O segundo conjunto determina quais são as consequências normativas de sua
existência - um parlamento pode promulgar leis e fazer outras coisas legalmente
significativas, um contrato regula o que as partes devem fazer para mantê-lo, e
um motivo de patente reivindica exclusividade nos processos que especifica? O
terceiro conjunto tem a ver com a dissolução de uma agência, acordo ou coisa.
Esta apresentação triádica "regras institucionais, consequenciais e distrato"
corresponde a uma estratégia expositiva comumente usada nas obras
doutrinárias, até certo ponto refletido nos usos práticos de advogados e tribunais.
Em cada caso é necessário ter alguma compreensão do ponto principal da
instituição em questão. Legislaturas são para fazer ou reformar leis. Contratos
são formas de fazer acordos vinculativos entre as pessoas. Trusts são formas
de dedicar propriedade a usos particulares ou para o benefício de determinadas
pessoas ou bens públicos. Patentes são formas de garantir direitos exclusivos
de exploração de invenções, com vista a incentivar à inovação e cobrir os custos
de pesquisa e desenvolvimento, e assim por diante. Podemos dizer que uma
explicação de qualquer instituição requer um relato das regras pertinentes
estabelecidas à luz de seu sentido. Esta ideia de que as coisas têm um sentido
pode ser comparado com a ideia aristotélica de que muitas entidades precisam
24
N MacCormick, "Institutions, Arrangements and Practical Information" Ratio Juris 1 (1988)
73–82.
ser explicadas em termos de sua "causa final"25. Que uma semente se
desenvolve em uma planta que por sua vez, se fertilizada, produzirá mais
sementes. Ainda mais no caso das instituições sociais, podemos explica-las
somente se soubermos a que fim devem funcionar. Contratos são obrigações de
empresas, clubes de futebol para a organização de equipes de futebol e jogos
de futebol e assim por diante. Isso não significa que eles não possam ser usados
- legitimamente usados em muitos casos - para todas as variedades de
propósitos humanos aos quais arranjos desse tipo podem ser adaptados. Mas é
a instituição que normalmente funciona para um determinado fim amplamente
definido - "causa final" - que é adaptável. Esse sentido é retomado com mais
detalhes no capítulo 16 do presente livro. É suficiente aqui observar que o
contraste de John Searle entre "constitutivo" e Regras "reguladoras" das
instituições, mesmo na forma em que foram elaboradas por Dick Ruiter, parece-
me menos satisfatório que a apresentação triádica sugerida aqui, quando este é
complementado por referência à causa ou sentido principal de uma instituição26.
25
Compare com Aristóteles, 1912: 1252b-1253a. "Cada ser em seu estado mais perfeito, que é
certamente a natureza de tal ser, seja um homem, um cavalo ou uma casa: além disso, o que quer que
produza a causa final e o fim que desejamos, deve ser o melhor; mas um governo completo em si é uma
causa final e o que é melhor ".
26
Um argumento completo para essa visão é dado em N MacCormick, "Normas, Instituições e
Institucional". Facts 'Law and Philosophy 17 (1998) 1–45, pp. 36–44. Searle (Speech Acts, 34–51)
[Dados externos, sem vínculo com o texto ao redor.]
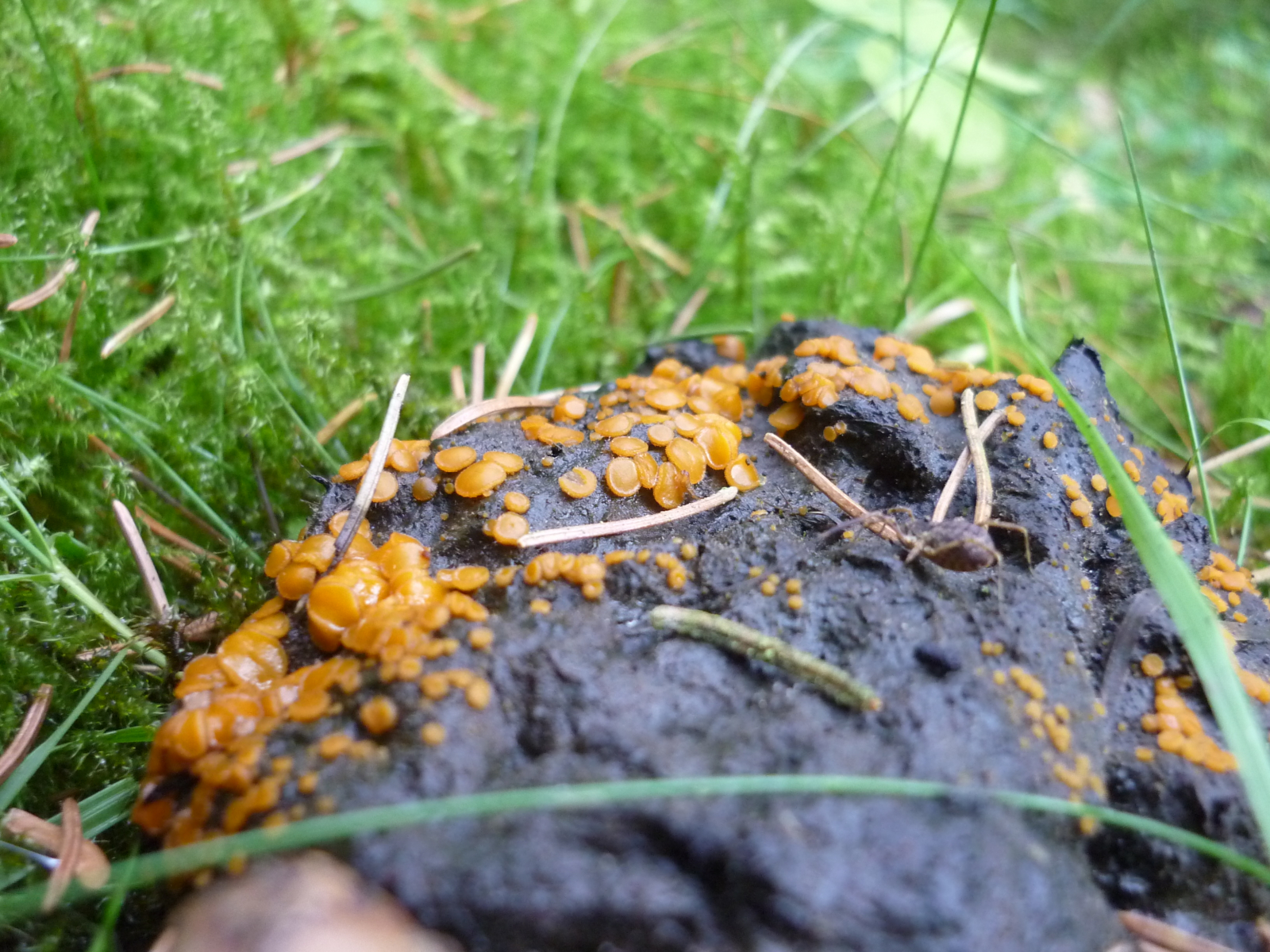 bin ganz aufgeregt. Ich habe schon wieder Perser gefunden. Normalerweise wären das wohl Zitronengelbe Holzbecherchen. Sind es aber wohl nicht, weil sie eben nicht auf Holz wuchsen sondern auf den Hinterlassenschaften eines Elchs- jedenfalls vom Umfang her muss es so was Großes wie ein Elch oder sogar Dinosaurier gewesen sein...

defende a existência de "regras constitutivas" que podem ser lançadas na forma "x conta como y nas
circunstâncias c". este parece inútil demais, pois quase tudo pode contar como quase qualquer outra
coisa em circunstâncias adequadas. Uma garrafa pode contar como uma arma em uma briga de pub
sem que nenhum desses conceitos tenha que ser considerada como uma instituição social, ou uma
instituição legal, ou cultural. Por outro lado, é verdade que um vaso de vidro com um gargalo estreito
usado para armazenar líquidos conta como uma garrafa. Isso pode de fato, me diga algo sobre o
substantivo "garrafa" ou até mesmo o conceito "garrafa" dentro do inglês língua. Se há algo que
deveríamos chamar de um elemento institucional aqui, isso se relacionaria sentido em que substantivos
ou conceitos podem ser caracterizados como instituições dentro das línguas; mas isso
não daria informações úteis sobre instituições no sentido prático mais amplo com o qual o
teoria institucional do direito está em causa. Para uma declaração elaborada da opinião contrária por
D Ruiter, veja suas Instituições Legais, cap 4.